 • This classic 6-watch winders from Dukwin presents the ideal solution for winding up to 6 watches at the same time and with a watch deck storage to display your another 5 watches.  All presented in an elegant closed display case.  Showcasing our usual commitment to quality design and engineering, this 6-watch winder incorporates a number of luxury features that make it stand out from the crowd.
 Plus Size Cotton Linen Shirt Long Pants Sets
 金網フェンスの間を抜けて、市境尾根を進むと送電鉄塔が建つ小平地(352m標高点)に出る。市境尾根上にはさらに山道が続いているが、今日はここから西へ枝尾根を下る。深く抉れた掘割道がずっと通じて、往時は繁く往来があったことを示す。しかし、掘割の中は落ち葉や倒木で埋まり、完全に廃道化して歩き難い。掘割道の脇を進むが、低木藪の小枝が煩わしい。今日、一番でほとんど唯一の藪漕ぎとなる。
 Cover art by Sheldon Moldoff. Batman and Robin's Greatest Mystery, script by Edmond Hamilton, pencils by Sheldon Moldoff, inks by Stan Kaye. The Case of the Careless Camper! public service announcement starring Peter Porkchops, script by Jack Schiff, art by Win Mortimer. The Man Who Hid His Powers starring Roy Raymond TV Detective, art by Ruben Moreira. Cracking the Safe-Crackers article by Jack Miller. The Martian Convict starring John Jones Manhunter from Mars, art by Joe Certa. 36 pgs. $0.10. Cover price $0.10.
· · · ·
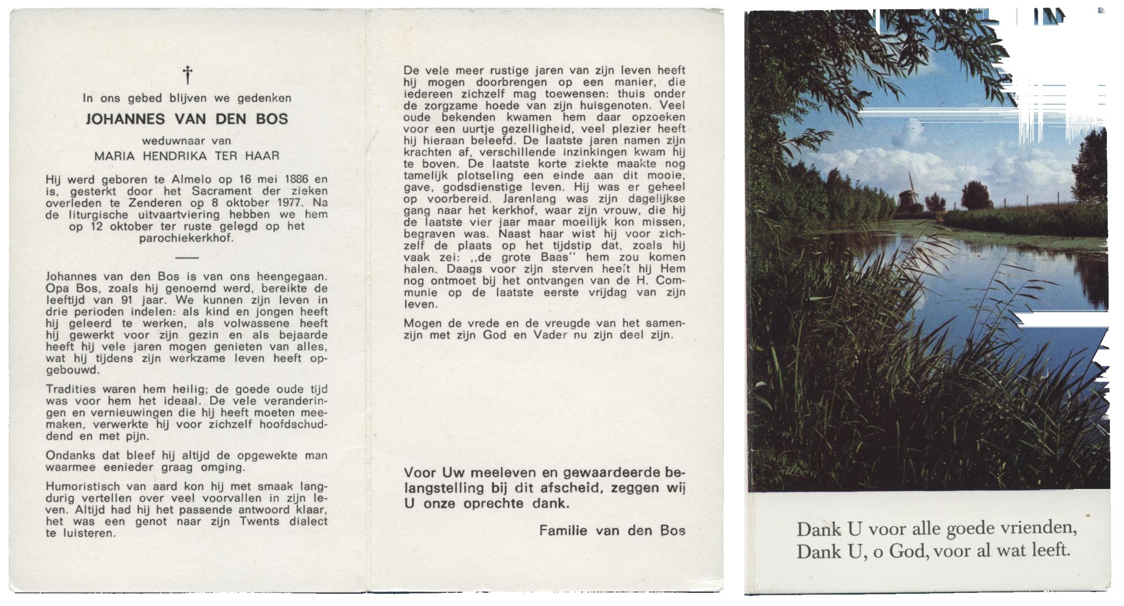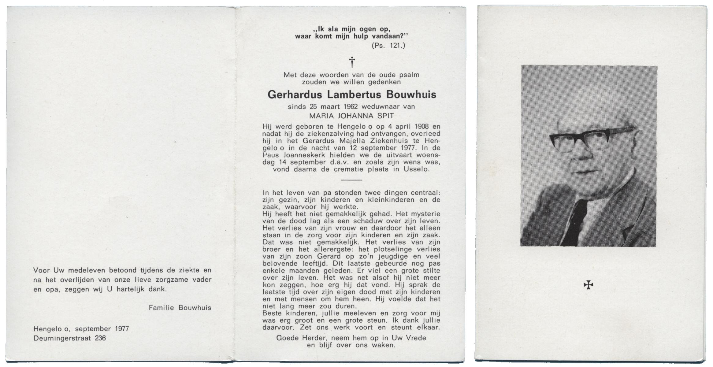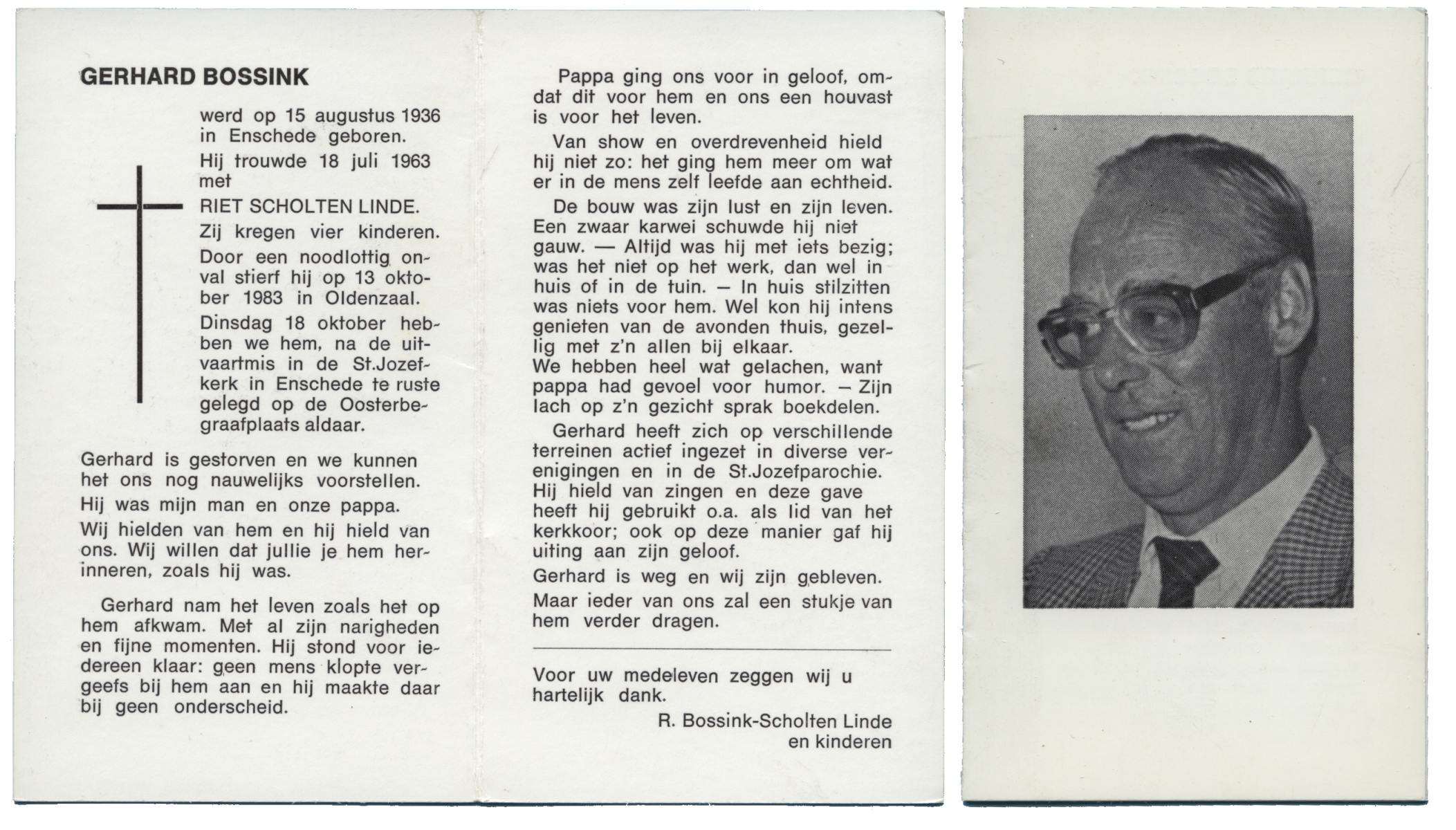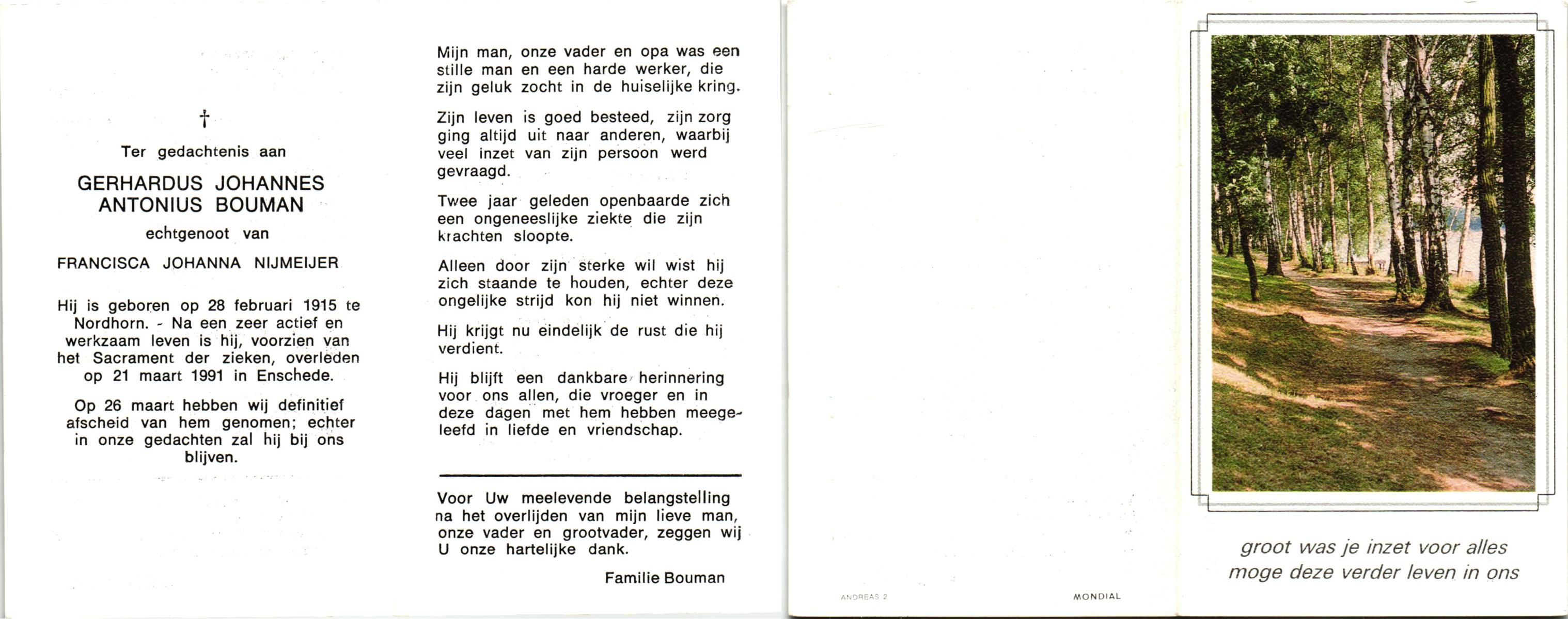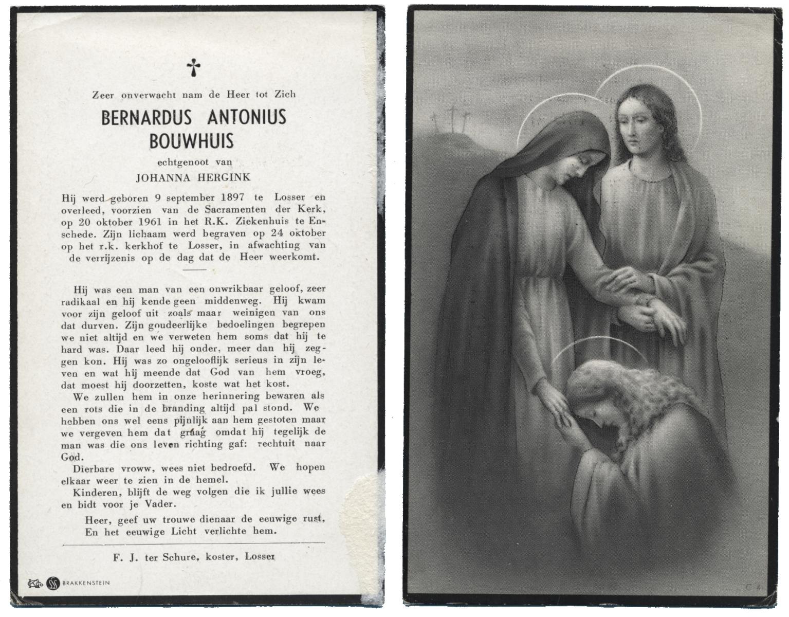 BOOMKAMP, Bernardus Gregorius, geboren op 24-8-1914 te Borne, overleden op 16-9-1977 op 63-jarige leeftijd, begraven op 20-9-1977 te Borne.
· · · ·
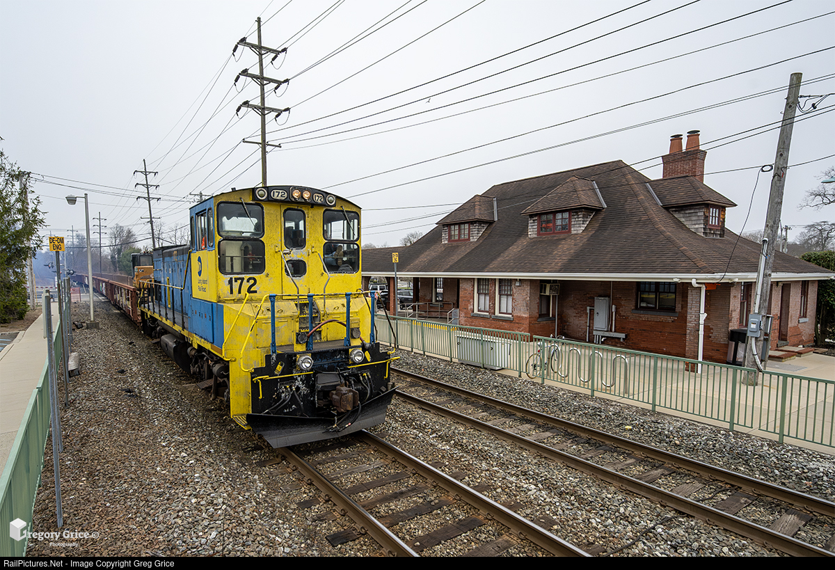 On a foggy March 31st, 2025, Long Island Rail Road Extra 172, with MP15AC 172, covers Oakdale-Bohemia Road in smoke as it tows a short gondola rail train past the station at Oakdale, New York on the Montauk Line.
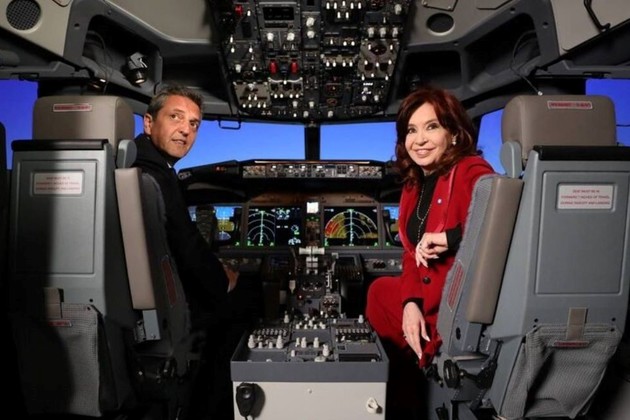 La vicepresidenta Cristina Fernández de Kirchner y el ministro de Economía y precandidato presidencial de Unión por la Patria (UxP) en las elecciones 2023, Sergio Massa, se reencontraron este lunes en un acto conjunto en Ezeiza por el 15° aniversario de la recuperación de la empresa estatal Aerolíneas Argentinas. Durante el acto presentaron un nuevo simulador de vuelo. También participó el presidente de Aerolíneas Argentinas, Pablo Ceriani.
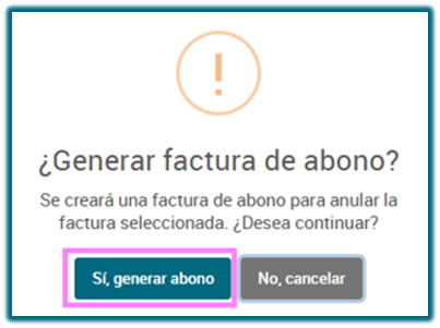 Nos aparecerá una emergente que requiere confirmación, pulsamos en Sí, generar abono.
· · · ·
ACTIVITY: In this listing, how many lines contain "from"? Give the number without explanation.

ANSWER BOX: 2